这是完整实现的中缀到后缀转换和后期表达式的评估。 "中缀到后缀转换"是成功的,但评估"给出一个段错误。
代码是:
#include<iostream>
//#include<stack>
#include<string>
#include<cmath>
using namespace std;
template<class T1>
struct node
{
T1 data;
node<T1> *next;
};
template<class T1>
class stack
{
node<T1> *head;
public:
stack()
{
head=NULL;
}
void push(T1);
int empty()
{
if(head==NULL)
return 1;
return 0;
}
T1 top()
{
T1 temp;
temp=head->data;
return (temp);
}
T1 pop();
void show();
};
template<class T1>
void stack<T1>::push(T1 input)
{
node<T1> *ptr;
ptr=new node<T1>;
ptr->data=input;
ptr->next=NULL;
if(head!=NULL)
{
ptr->next=head;
}
head=ptr;
}
template<class T1>
T1 stack<T1>::pop()
{
node<T1> *temp;
T1 output;
temp=head;
output=temp->data;
head=head->next;
delete temp;
return output;
}
template<class T1>
void stack<T1>::show()
{
node<T1> *temp;
temp=head;
while(temp!=NULL)
{
cout<<temp->data;
temp=temp->next;
}
}
void evaluate(string postfix)
{
stack<float>s;
float a;
int i;
for(i=0; i < postfix.length(); i++)
{
if(isalpha(postfix[i]))
{
cout<<"enter the value of\t";
cout<<postfix[i];
cin>>a;
s.push(a);
}
else
{
float x,y;
y=s.pop(); //s.pop();
x=s.pop(); //s.pop();
char token=postfix[i];
if(token=='+')
{
x=x+y;
s.push(x);
}
if(token=='-')
{
x=x-y;
s.push(x);
}
if(token=='*')
{
x=x*y;
s.push(x);
}
if(token=='/')
{
x=x/y;
s.push(x);
}
if(token=='^')
{
x=pow(x,y);
s.push(x);
}
}
}
cout<<"\t Evaluated result is \t";
cout<<s.top();
s.pop();
}
// Function to convert Infix expression to postfix
string InfixToPostfix(string expression);
// Function to verify whether an operator has higher precedence over other
int HasHigherPrecedence(char operator1, char operator2);
// Function to verify whether a character is operator symbol or not.
bool IsOperator(char C);
// Function to verify whether a character is alphanumeric chanaracter (letter or numeric digit) or not.
bool IsOperand(char C);
int main()
{
string expression;
cout<<"Enter Infix Expression \n";
getline(cin,expression);
string postfix = InfixToPostfix(expression);
cout<<"Postfix is : = "<<postfix<<"\n";
evaluate(expression);
}
// Function to evaluate Postfix expression and return output
string InfixToPostfix(string expression)
{
// Declaring a Stack from Standard template library in C++.
stack<char> S;
string postfix = ""; // Initialize postfix as empty string.

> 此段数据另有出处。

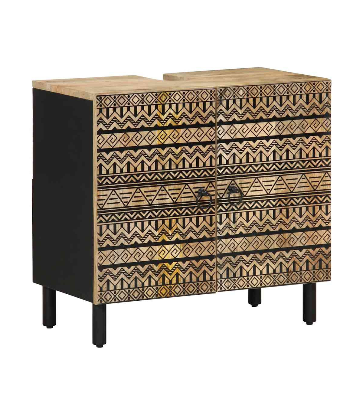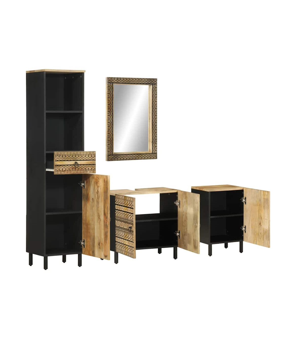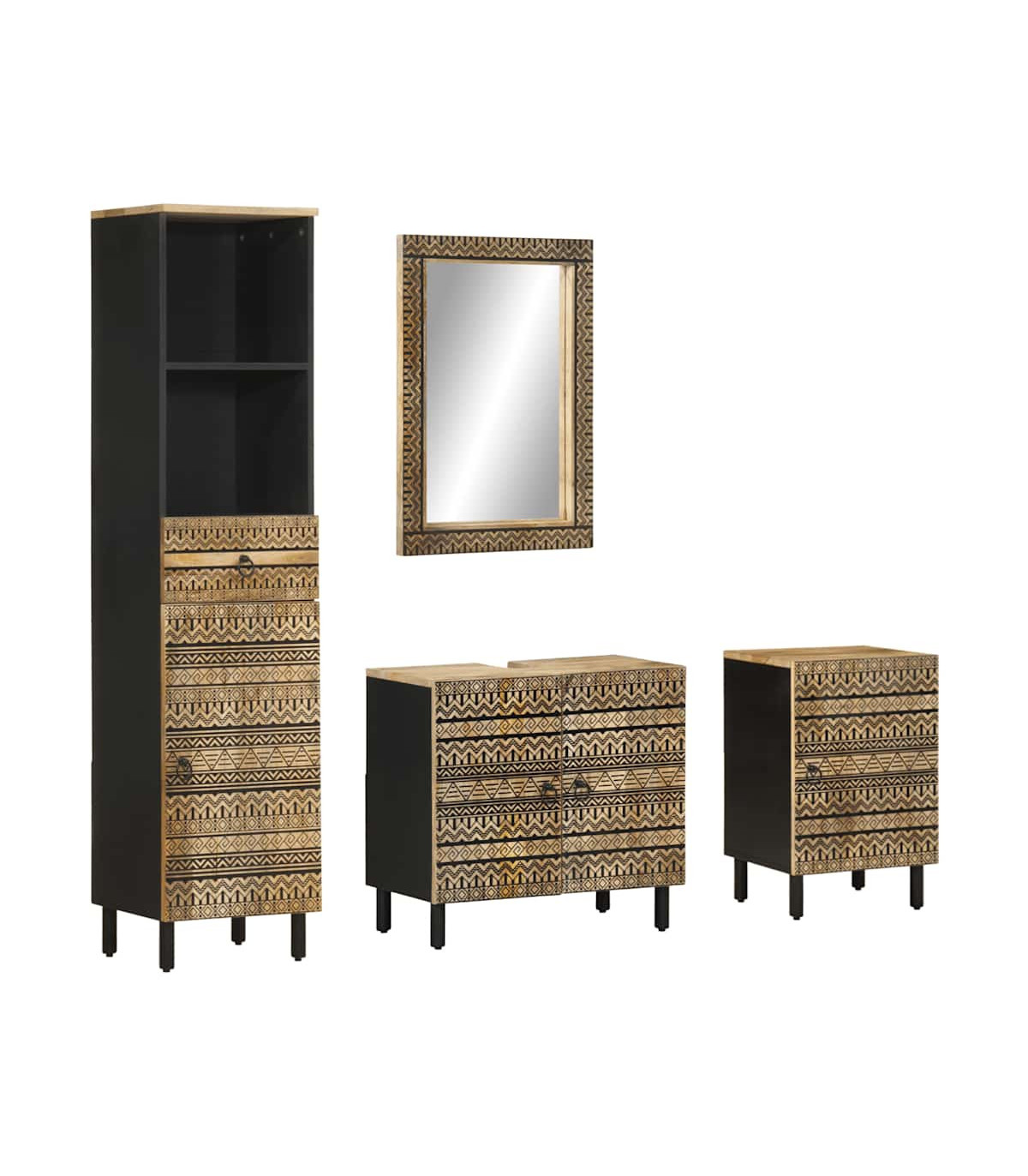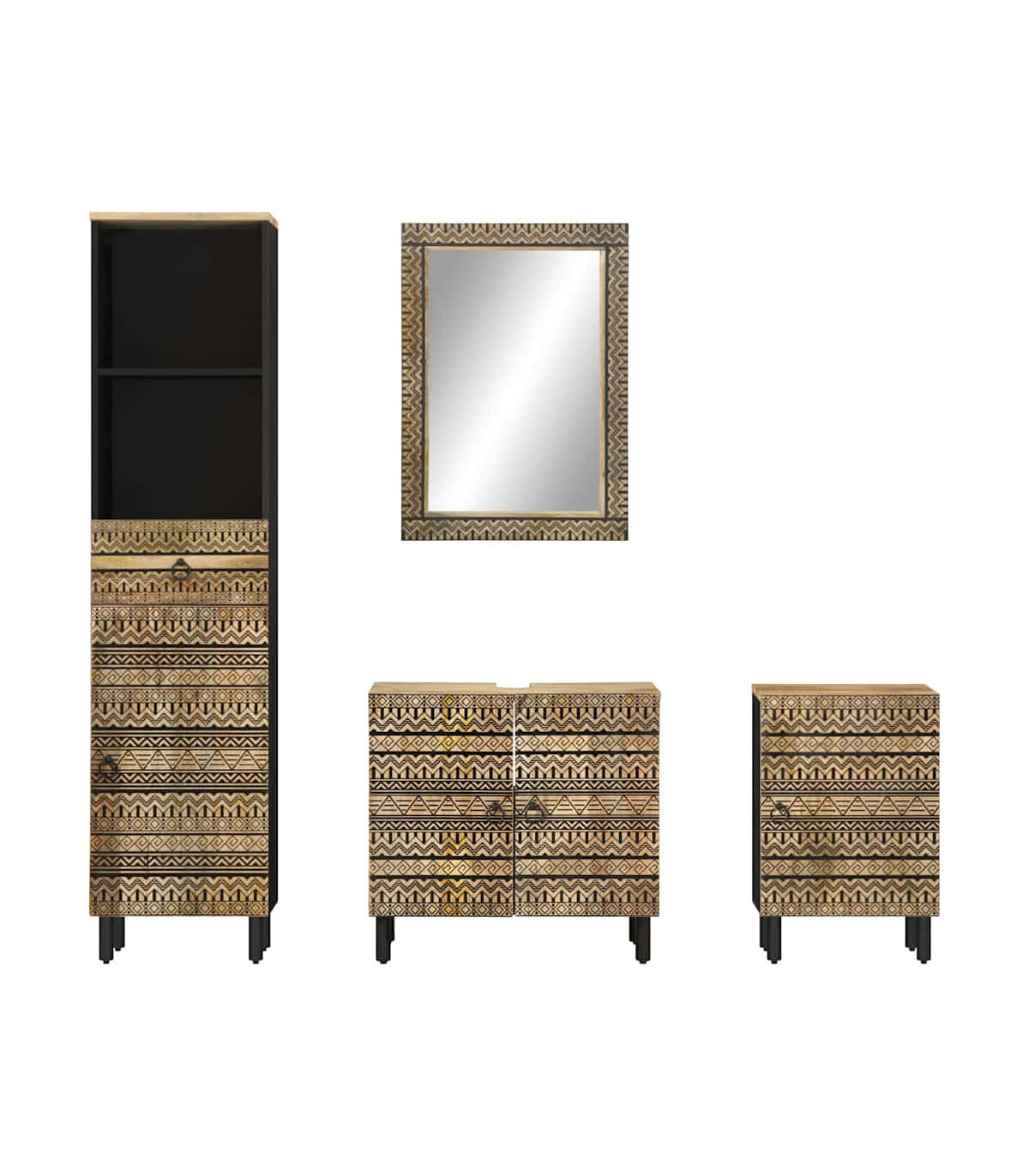This wooden bathroom furniture set is an excellent addition to your bathroom, giving it a tidy and striking appearance! Robust and stable material: Solid mango wood, a robust tropical hardwood, is highly favoured for furniture making for its exceptional durability and strength. Its beautiful wood grains make every piece of furniture slightly different from the next.Ample storage space: This bathroom furniture offers ample storage space to keep your essentials well organised and within reach.Clear image: The vanity mirror face provides a clear image. So, you can enjoy a beautiful and natural reflection when standing in front of it.Wall-mounted design: The cosmetic mirror can be wall-mounted, which makes it especially suitable for rooms with limited space.Sturdy legs: The iron legs add the bathroom cabinet's sturdiness and stability. Warning:To prevent it from tipping over, this product must be used with the provided wall attachment device. Good to know:Screws and plugs for inside the wall are not included. We advise to find and use screws and plugs suitable specifically for your walls. If you're not sure, you can consult with a professional. Please read and follow each step of the instructions.Each item is unique with variations in colours and grains. The delivery is random, ensuring the exclusivity and individuality of your product.

for(int i = 0;i< expression.length();i++) {
// Scanning each character from left.
// If character is a delimitter, move on.
if(expression[i] == ' ' || expression[i] == ',') continue;
// If character is operator, pop two elements from stack, perform operation and push the result back.
else if(IsOperator(expression[i]))
{
while(!S.empty() && S.top() != '(' && HasHigherPrecedence(S.top(),expression[i]))
{
postfix+= S.top();
S.pop();
}
S.push(expression[i]);
}
// Else if character is an operand
else if(IsOperand(expression[i]))
{
postfix +=expression[i];
}
else if (expression[i] == '(')
{
S.push(expression[i]);
}
else if(expression[i] == ')')
{
while(!S.empty() && S.top() != '(') {
postfix += S.top();
S.pop();
}
S.pop();
}
}
while(!S.empty()) {
postfix += S.top();
S.pop();
}
return postfix;
}
// Function to verify whether a character is english letter or numeric digit.
// We are assuming in this solution that operand will be a single character
bool IsOperand(char C)
{
if(C >= '0' && C <= '9') return true;
if(C >= 'a' && C <= 'z') return true;
if(C >= 'A' && C <= 'Z') return true;
return false;
}
// Function to verify whether a character is operator symbol or not.
bool IsOperator(char C)
{
if(C == '+' || C == '-' || C == '*' || C == '/' || C== '^')
return true;
return false;
}
// Function to verify whether an operator is right associative or not.
int IsRightAssociative(char op)
{
if(op == '^') return true;
return false;
}
// Function to get weight of an operator. An operator with higher weight will have higher precedence.
int GetOperatorWeight(char op)
{
int weight = -1;
switch(op)
{
case '+':
case '-':
weight = 1;
break;
case '*':
case '/':
weight = 2;
break;
case '^':
weight = 3;
break;
}
return weight;
}
// Function to perform an operation and return output.
int HasHigherPrecedence(char op1, char op2)
{
int op1Weight = GetOperatorWeight(op1);
int op2Weight = GetOperatorWeight(op2);
// If operators have equal precedence, return true if they are left associative.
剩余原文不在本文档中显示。